Check if the number of open file descriptors and max user processes are sufficient.
Check if you have enough disk space.
See if there is a crash*log file For example crash-2018-06-27-20:57:26.log
Make note of the time when the crash occured. Check the splunkd_stderr.log
Check the other logs at that time what splunk was doing:
index=_internal sourcetype=splunkd_crash_log | stats count by host
index=_internal sourcetype=splunkd loader message=*xml
Check if a user did some ridiculous search:
index=_audit action="search" (id=* OR search_id=*) | eval user=if(user=="n/a",null(),user) | stats max(total_run_time) as total_run_time first(user) as user by search_id | stats count perc95(total_run_time) median(total_run_time) by user
Hello Azeemering thank you for your response,when i try to re start splunk it fails to do and give a message about splunk.pid file
I go to /opt/splunk/var/run/splunk/splunk.pid and remove it manually to re start splunk.
how to overcome this problem and is there a way to do automatically other than doing manually deleting it
Run a health check on your MC. Most Search Head crashes are do to low RAM, which the Health Check validates.

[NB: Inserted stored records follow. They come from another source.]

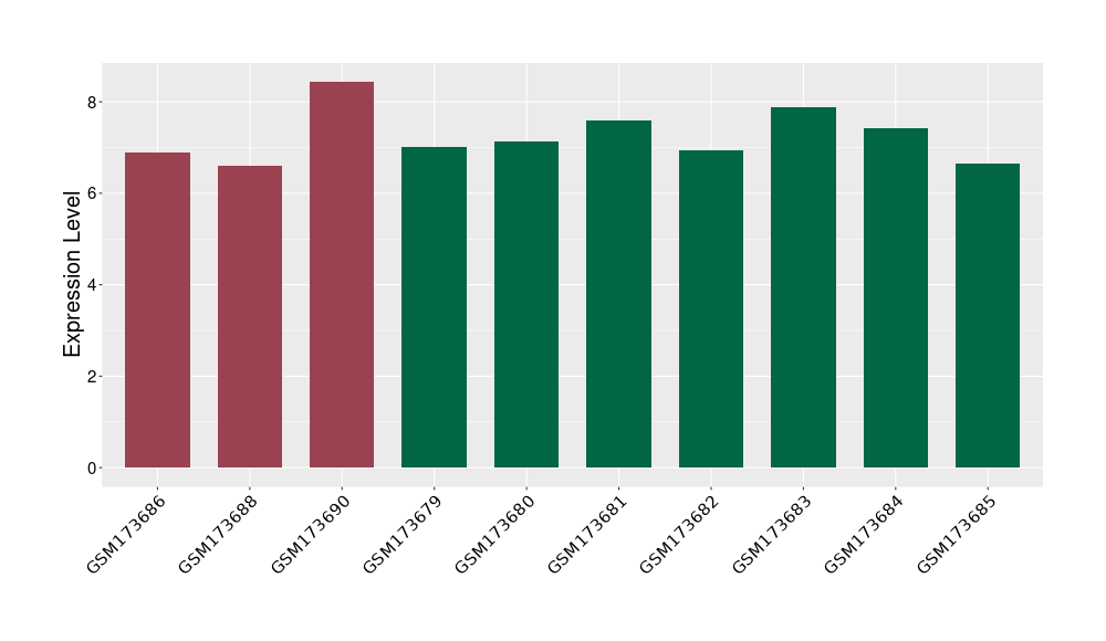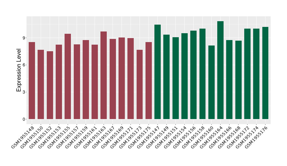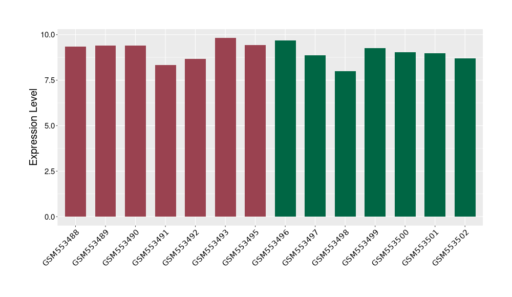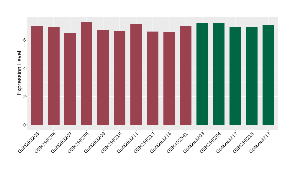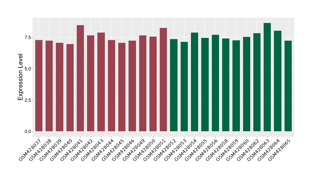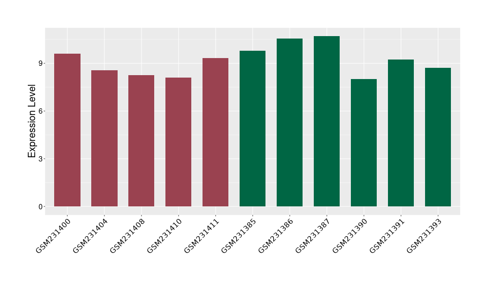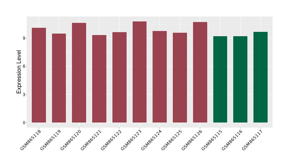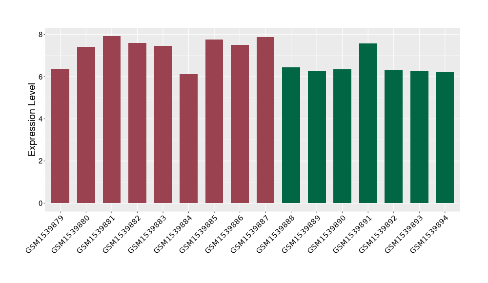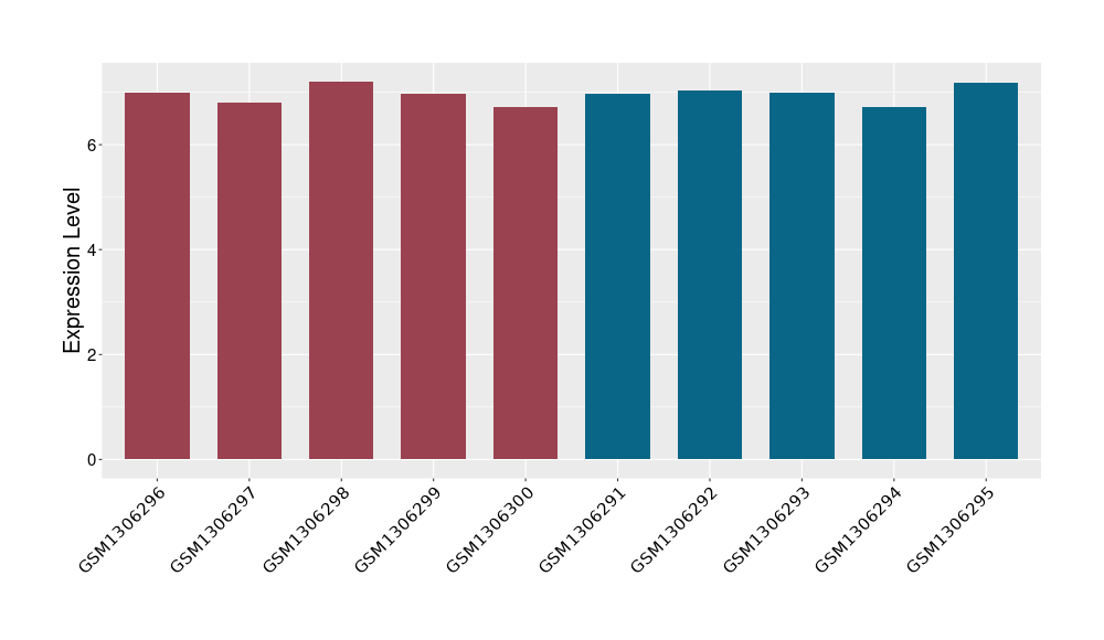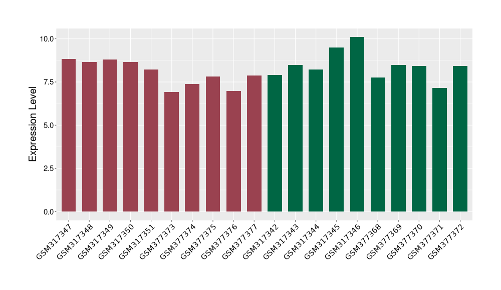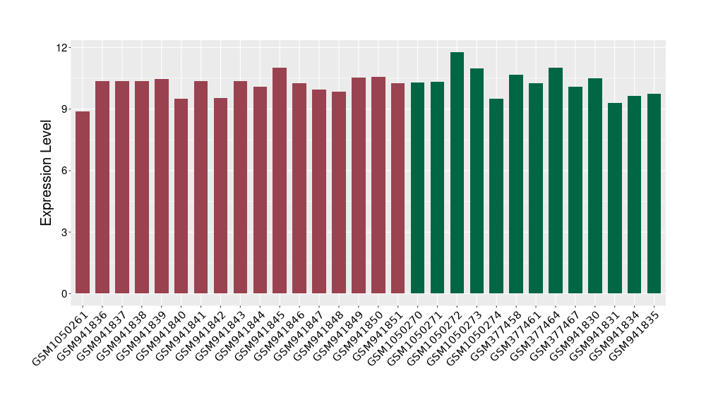 The Expression Level of Disease Section Compare with the Healthy Individual Tissue | p-value:0.077027641; Fold-change:-1.0312186; Z-score:-1.033765015 | ||||
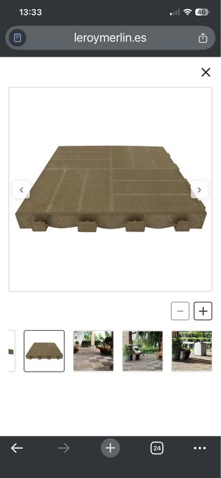 Se venden 60 baldosas de composite en color marrón, con unas medidas de 40x40 cm. - Material: Composite. - Color: Marrón. - Medidas: 40x40 cm.
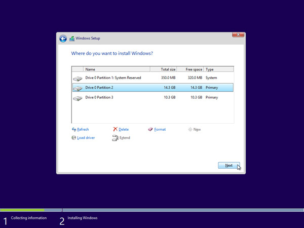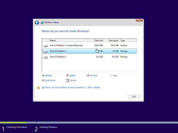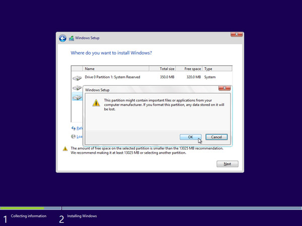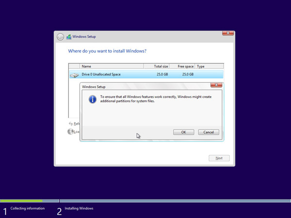 12. Windows creará otra partición para almacenar los archivos del sistema. Prensa [OK]. Siga el paso 10 para crear particiones para el resto del espacio no asignado si es necesario.
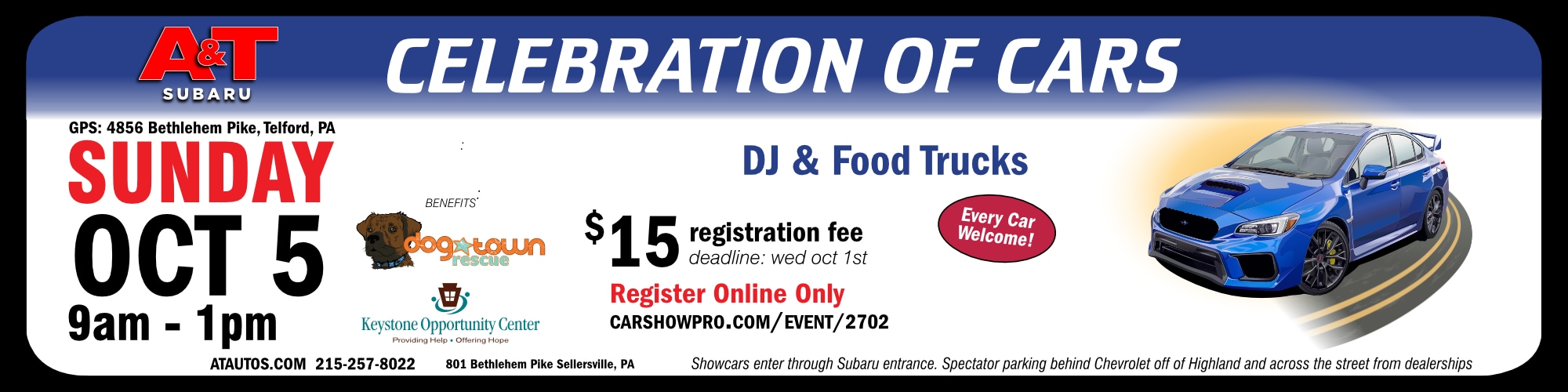 We are excited to announce that the 2025 A&T Subaru Celebration of Cars will take place on Sunday, October 5, 2025 right here at A&T Subaru. We can't wait to gather once again and make this year's event even more memorable! Registration is encouraged online, but we will have same-day registration open at both stores from 9am-11am on Show Day. The Show is held rain or shine. Register Here.
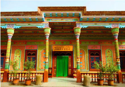 這座獨(dú)具刀郎人特色的大門,往上看可以看到是一個(gè)半圓,那是一個(gè)太陽(yáng)圖騰,因?yàn)榈独扇嗽谛叛鲆了固m教之前曾信仰過(guò)薩滿教,薩滿教有圖騰崇拜的習(xí)俗,所以這也是信仰薩滿教遺留下來(lái)的一種圖騰崇拜。中間有動(dòng)物頭飾,在這里掛動(dòng)物頭飾一方面是起個(gè)裝飾作用,另一方面辟邪,同時(shí)這些動(dòng)物頭飾也反映了刀郎人過(guò)去的游牧生涯。走進(jìn)這個(gè)大門時(shí)也是有講究的,中間的這個(gè)正門它是部落酋長(zhǎng)或者是部落里來(lái)了比較尊貴的客人走的,普通老百姓是從兩邊的側(cè)門走而且是男左女右這樣分開(kāi)來(lái)走的。
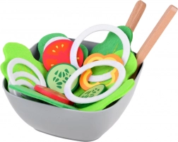 Komplet za solato otrokom prinaša pristno izkušnjo kuhanja – od trganja listov, preko mešanja do serviranja. Deli iz lesa in filca so prijetni na otip, trpežni in z realističnim videzom pomagajo učiti poimenovanja zelenjave ter osnove zdrave prehrane.
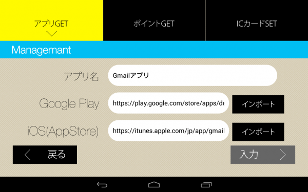 [URL] https://play.google.com/store/apps/details?id=jp.co.media4u.smsforce「店頭SMS」アプリは、〈管理者側〉と〈ユーザー側〉とに大きく分かれております。初回起動時は、管理側から立ち上がります。最初に認証コードを決めて、アクティベーションさせます。※認証コードは何桁でもかまいませんが、忘れないようにメモをしておいてください。設定変更時に必要になります。
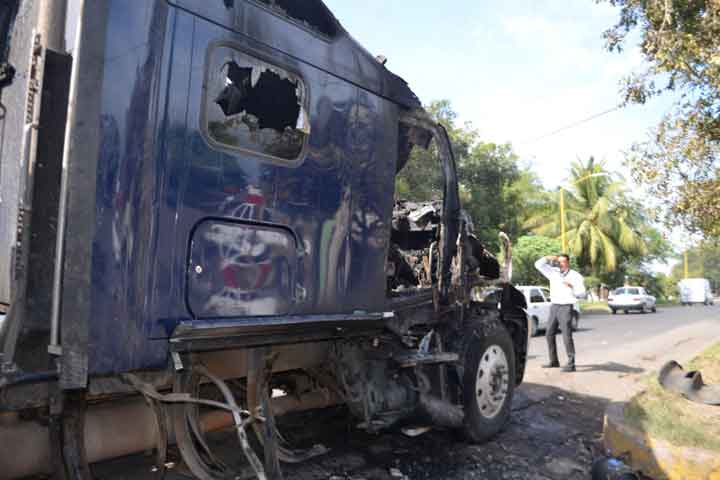 Un camión blindado, (Rinoceronte), de la PolicÃa Federal, al igual que más de 10 vehÃculos particulares, entre camiones torton, tráiler y taxis, quedaron prácticamente inservibles y aún se encuentran, este sábado, a las orillas de los lugares en donde habÃan sido atravesados para evitar la circulación de las fuerzas castrenses, de los marinos y de los ministeriales.
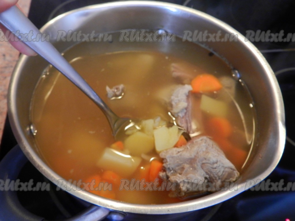 Свинину вымыть, залить 2-2,5 литрами воды и поставить на сильный огонь. Когда вода закипит, уменьшить огонь, снять пену, добавить в суп луковицу и варить до готовности мяса (примерно, 1 час). За 10 минут до окончания варки мясного бульона выложить в кастрюлю нарезанную морковь (я нарезала тонкими полукружочками), посолить.
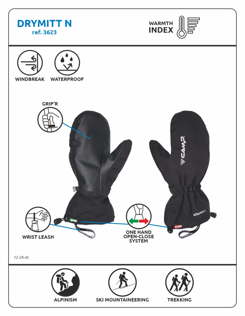 A kompakt, időjárásálló kesztyűk úgy lettek kialakítva, hogy kesztyű felett lehessen viselni őket. A vízálló anyagok és a ragasztott varrások kizárják a szelet és a nedvességet. A könnyebb csomagolhatóság érdekében egymásra rakható anyagokkal is ellátták.
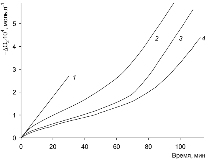 Рис. 2. Кинетические кривые поглощения кислорода при окислении LH в мицеллах без ингибитора (1) и в присутствии 4 · 10–6 моль · л–1 ДОФА (2), дофамина (3) и норадреналина (4); [СОД] = 100 ед./мл, pH = 7.4.
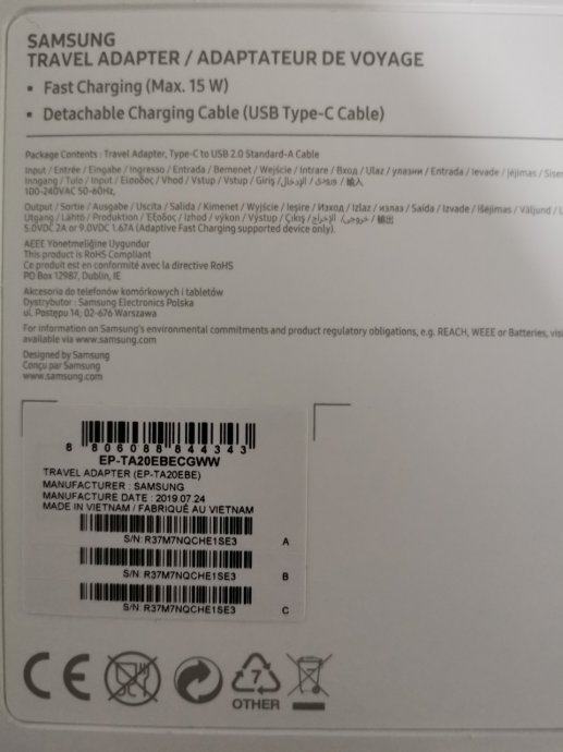 samsung s10e punjač adapter + usb kabel kabal

THP should be off and if it isn't, this causes inefficient RAM usage. The Health Check will note this, too.
I have a problem with pid file
there was a pid file splunk.pid under /opt/splunk/var/run/splunk/splunk.pid
that needed to be removed and then done a restart.
What is reason for this and how can it be overcome
The pid file is created when Splunk starts to do several things, chief among those, a foolproof way to provide evidence of a crash on last run. It normally goes like this on startup.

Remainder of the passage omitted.